Бенни терпеть не могла его намеки и многозначительную ухмылку. Шон прекрасно знал, как она ненавидела, когда обожающие родители начинали хвастаться дочерью. Знал, но старался разозлить ее еще больше. Зачем человеку, который подбивает под Бенни клинья, строит планы жениться на дочери хозяина и унаследовать его бизнес, говорить вещи, которые раздражают и огорчают ее?

Наверное, Уолш считал, что в данном вопросе ее собственные желания не имеют значения. Что послушная дочь хозяина смирится с этим так же, как смирялась со всем остальным.

Бенни поняла, что она должна осадить Шона Уолша.

– Значит, отец говорит всем и каждому, что я уезжаю в университет? – с довольной улыбкой спросила она.

– Это всего лишь светские беседы. – Шон радовался тому, что сумел стать источником информации, и в то же время был разочарован. Уолш рассчитывал, что его слова заставят Бенни смутиться.

Бенни повернулась к Еве.

– Правда, мне очень повезло?

Подруга поняла ее с полуслова.

– Да, тебя ужасно балуют, – подтвердила она.

Девушки расхохотались только тогда, когда оказались вне поля зрения Уолша. Для этого пришлось пройти мимо пивной Ши, из узких окон которой доносился кислый запах, и миновать кондитерскую Берди Мак, где во время учебы в школе они провели столько часов, выбирая леденцы, хранившиеся в стеклянных кувшинах. Потом они перешли улицу, посмотрели на витрину мясной лавки, в которой отражался магазин Хогана, и убедились, что Шон Уолш ушел в магазин, который в один прекрасный день должен был стать его империей.

И тут наконец дали себе волю.

Мистеру Флуду, владевшему лавкой, при которой якобы имелась собственная бойня, их смех не понравился.

– Что смешного в подносах со свиными отбивными? – спросил он девушек, стоявших у его витрины. Это заставило их расхохотаться еще громче.

– Раз так, уходите отсюда и смейтесь в каком-нибудь другом месте, – проворчал он. – Прекратите издеваться над моим бизнесом!

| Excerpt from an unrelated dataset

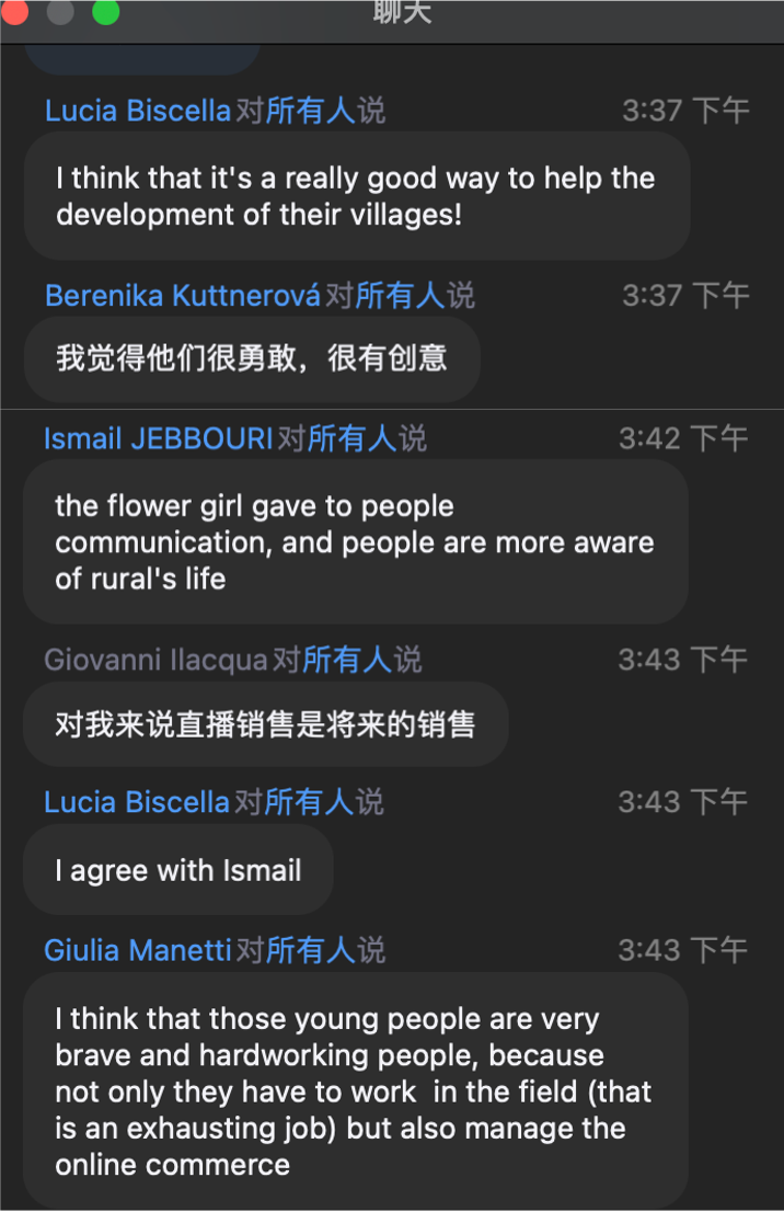 来自罗马尼亚的学生贝利妮卡(Berenika Kuttnerová),在中国有短暂的学习经历。疫情爆发时她从中国出发多次转机回到家乡。在中国机场她得到了陌生中国人的帮助。在学习抗击疫情的系列课程时,贝利妮卡动情地同大家分享了这件让她感动到流泪的故事。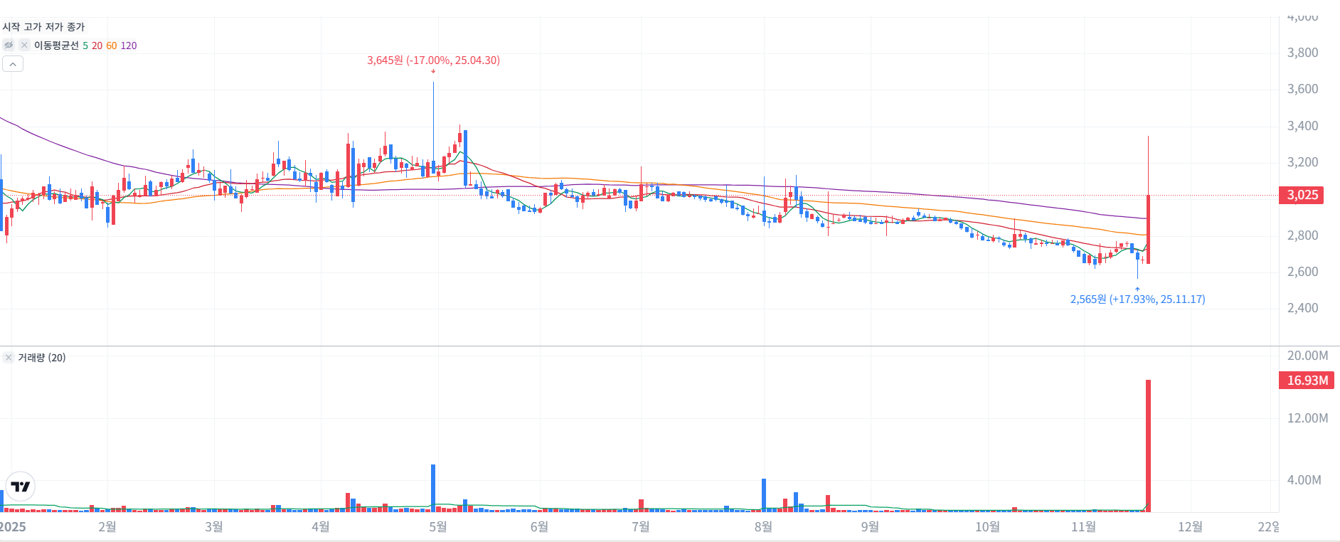 | 2025.09~11 | 2,650원 | 2,770원 | 3,400원 | 저점 박스권 반등, 기관/외국인 순매수세 확대 |

Мясник, лицо которого было изборождено тревожными морщинами, вышел на улицу и посмотрел на дерево, нависшее над его домом.

В последнее время мистер Флуд часто смотрел на это дерево; хуже того, пытался вступить в беседу с кем-то, кто чудился ему в ветвях. Большинство думало, что у мясника было видение, но он еще не мог рассказать об этом всему городу. Его слова, обращенные к дереву, звучали уважительно. Мерещившееся ему существо мясник называл сестрой.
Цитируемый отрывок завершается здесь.